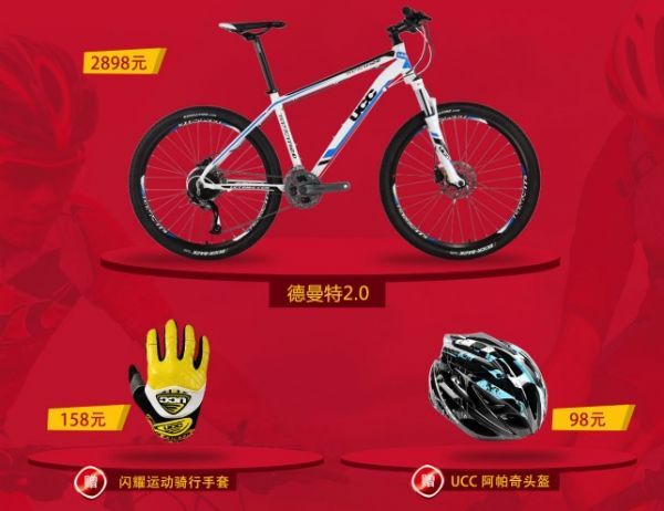 除了定金膨胀和抽奖外,UCC还把自己最擅长的促销方式搬到了自己的天猫旗舰店——那就是买赠。在今年的双十一,凡在天猫旗舰店购买UCC德曼特2.0的用户,就可获赠价值158的闪耀骑行手套和价值98的阿帕奇头盔各一!
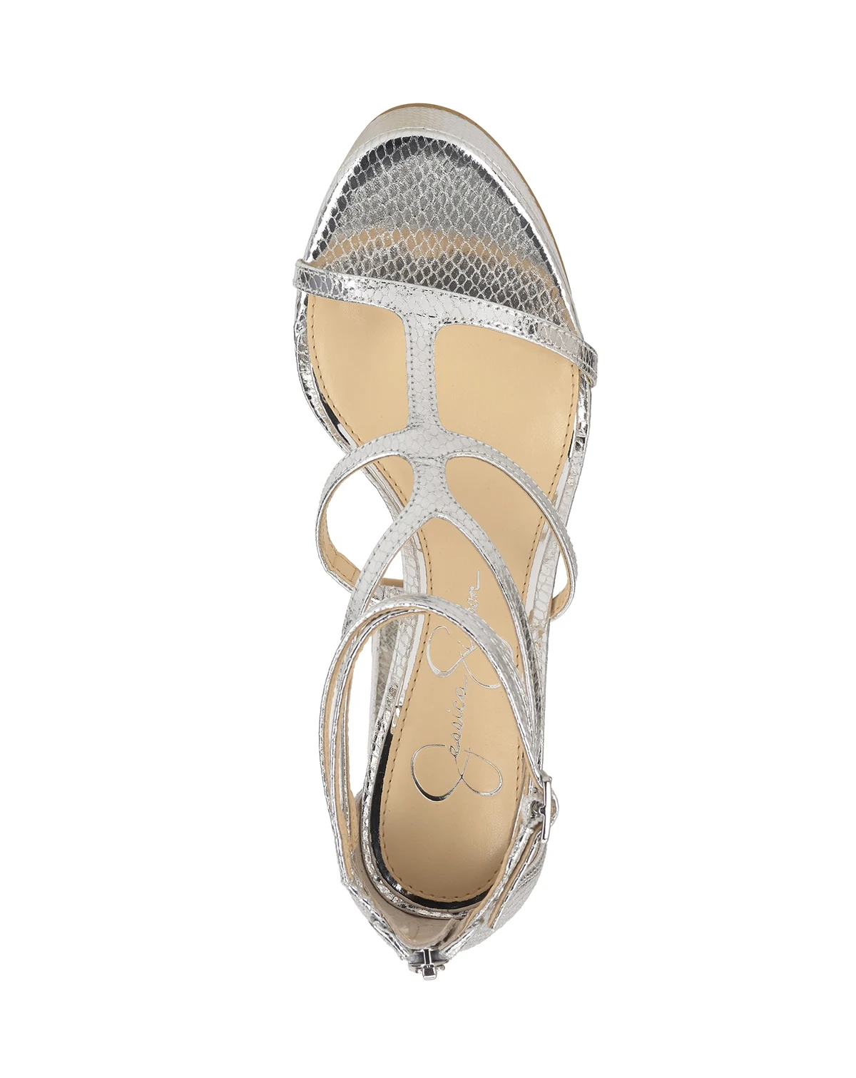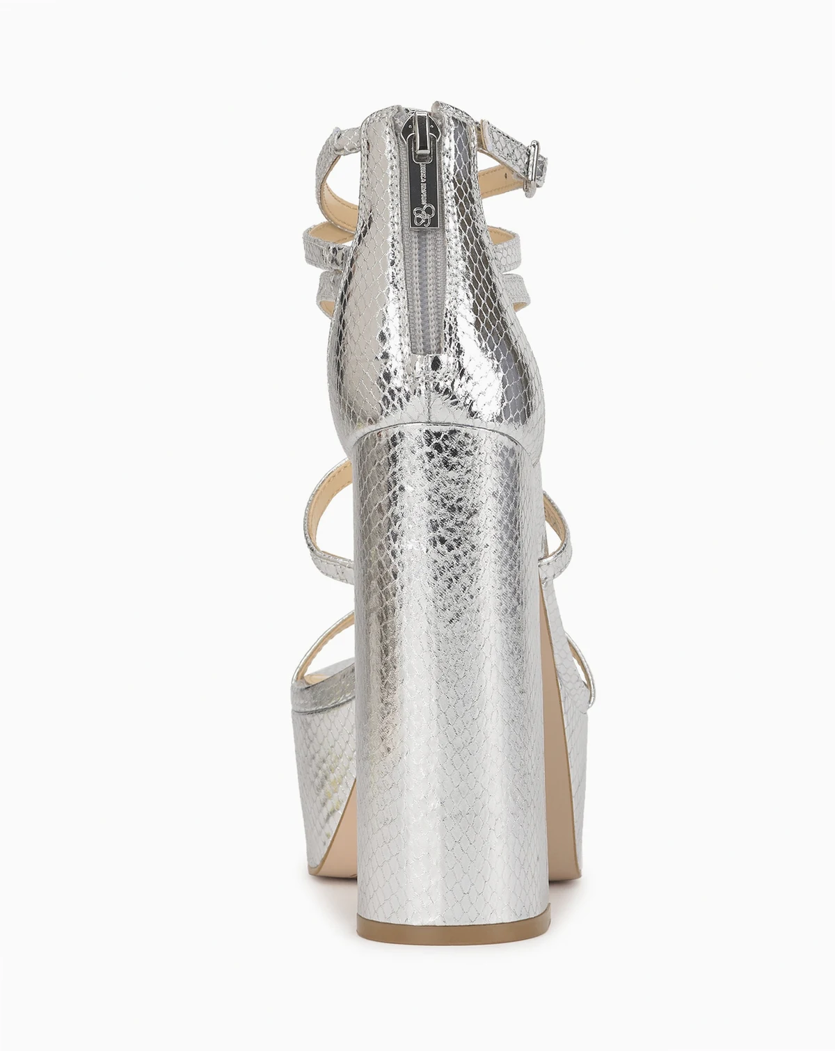 Slender straps top towering platform heels with caged appeal in the gorgeous Aamina sandals from Jessican Simpson.
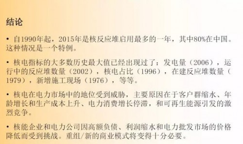 此外,具体到一个项目,HinkeyPnintC也有很多问题,目前还没有任何商业合同,但是也已经有了一个融资的机制,政府之间、行业之间已经签了一个融资的协议书,那么它有可能会带来一个潜在的商业合同。非常有意思的是中、英、法之间在10月份签了这个协议之后,投资银行给自己客户的建议是卖出他们持有法电的股份,因为他们认为是有风险的投资,法电的员工股东联合会把这个称作是一个可预见的金融灾难,他们要求法电的管理层要从这个项目退出来,这是前所未见的。
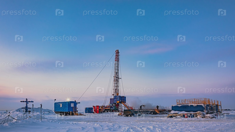 Ремонт скважины на газовом месторождении в Арктике. Зимний полярный день. Мороз. Снег. Мобильная установка для ремонта скважин с вышкой и другим оборудованием
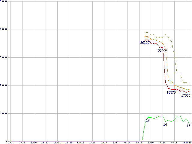 | Athlon 64 X2 3800+ (2.0GHz,L2 512KB×2)の価格推移 | | | (2005年7月1日~2006年9月15日) |
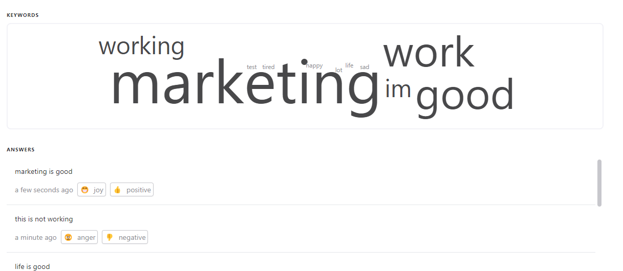 You have a few key settings in your long text field, such as keyword extraction, which extracts words and creates a word cloud from them. You can also filter responses by certain keywords identified by our platform.
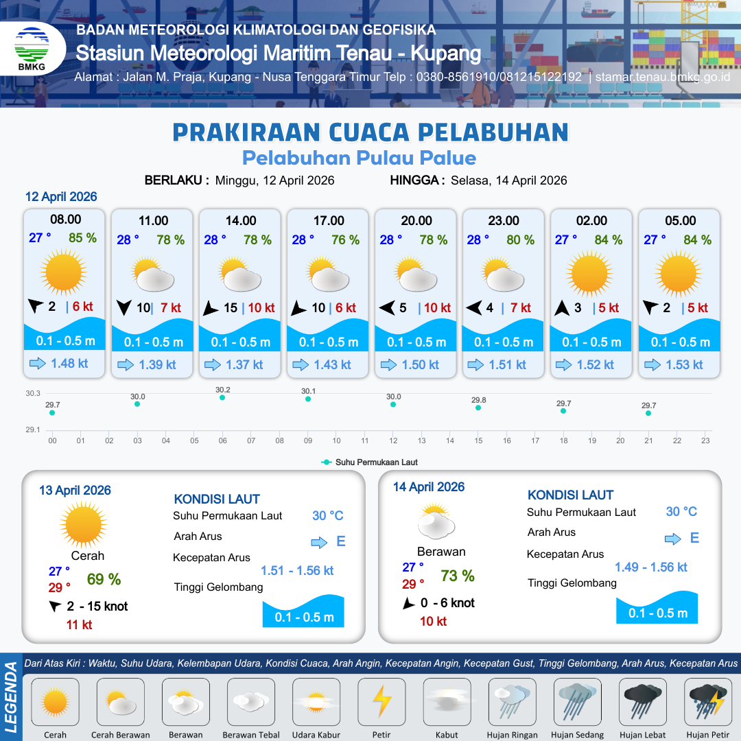 12 Apr 26, 21.00 11 jam kedepan | Tenggara 2 kt Gust Peningkatan kecepatan angin yang singkat dan tiba-tiba : 5 kt | 0.3 m Tenang | Timur 1.5 Knot | 8 km | 27 °C | 84 % | +0.59 m | |
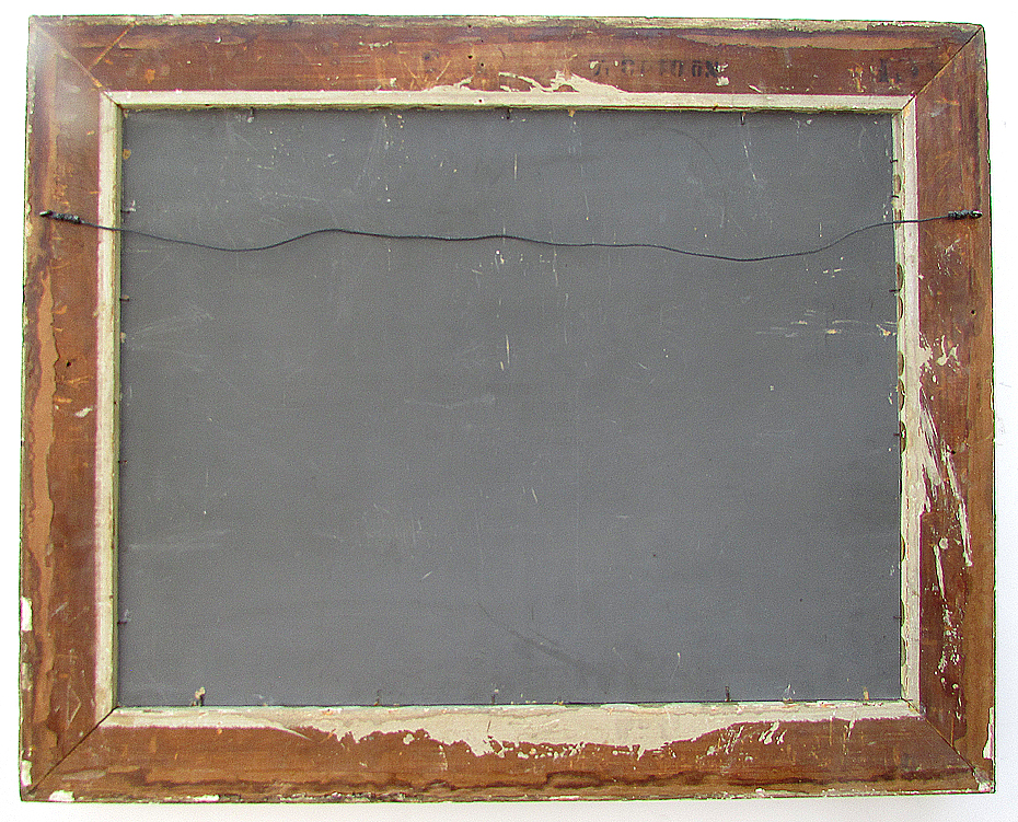 1.77 SHIP’s PORTRAIT. Solon Francis Montecello Badger, American (1873-1919), oil on canvas, the 3-masted schooner Isabel B. Wiley sailing past Portland Head light, Cape Elizabeth, Maine. Signed and dated lower left “S.F.M. BADGER 12,” and inverso boldly signed “S.F.M. Badger Charleston Mass. 1912.” This classic broadside ship’s portrait depicts the lovely vessel on her port beam under full sail heading south backed by rocky headlands and a lighthouse in the distance. Five crewmen are depicted on deck, including the helmsman and the Captain on the poop pointing the way. The ship is clearly identified in three places: on the port bow, the port quarter, and on the huge name pennant flown from the spanker mast. She flies the house flag of Drake & Son (a “D” within a white star) from the mainmast, and the Union Jack from the foremast. The American ensign flies from the spanker boom. The detail that Badger lavished on this painting is simply astounding! It literally bears scrutiny under magnification. The crispness of lines in close proximity defies description. Seeing is believing. Deck detail, rigging and sails are all depicted in what quite frankly could be described as “unrealistic detail.” 22 by 36 inches sight mounted on its original stretcher. Housed in a period fancy gessoed from marked “Made In U.S.A.” measuring 26 ¼ by 40 ¼ inches overall. This painting is in absolutely untouched original condition front and back. Close inspection under UV light shows no inpainting, no losses and no damage. In short this painting is in the same condition left Mr. Badger’s easel 108 years ago! A more pristine original example is not to be found. Price Request The Isabel B. Wiley was a wooden hulled 3-masted schooner built by the New England Shipbuilding Company, Bath, Maine in 1906. She was 160 feet long and displaced 779 tons, under the ownership of J.B. Drake & Son, Bath, Maine. Ownership was transferred to the Atlas Shipping Company of Philadelphia in the teens. |

* **DIRECTIONS FOR THIS TASK**
Start with the line with "Ремонт скважины на" in the listing above and stop after the line with "512KB×2)の価格推移 | | | (2005年7月1日~2006年9月15日) |". Write out exactly the lines in that stretch and no others, without pictures.

* **OUTPUT**
 Ремонт скважины на газовом месторождении в Арктике. Зимний полярный день. Мороз. Снег. Мобильная установка для ремонта скважин с вышкой и другим оборудованием
 | Athlon 64 X2 3800+ (2.0GHz,L2 512KB×2)の価格推移 | | | (2005年7月1日~2006年9月15日) |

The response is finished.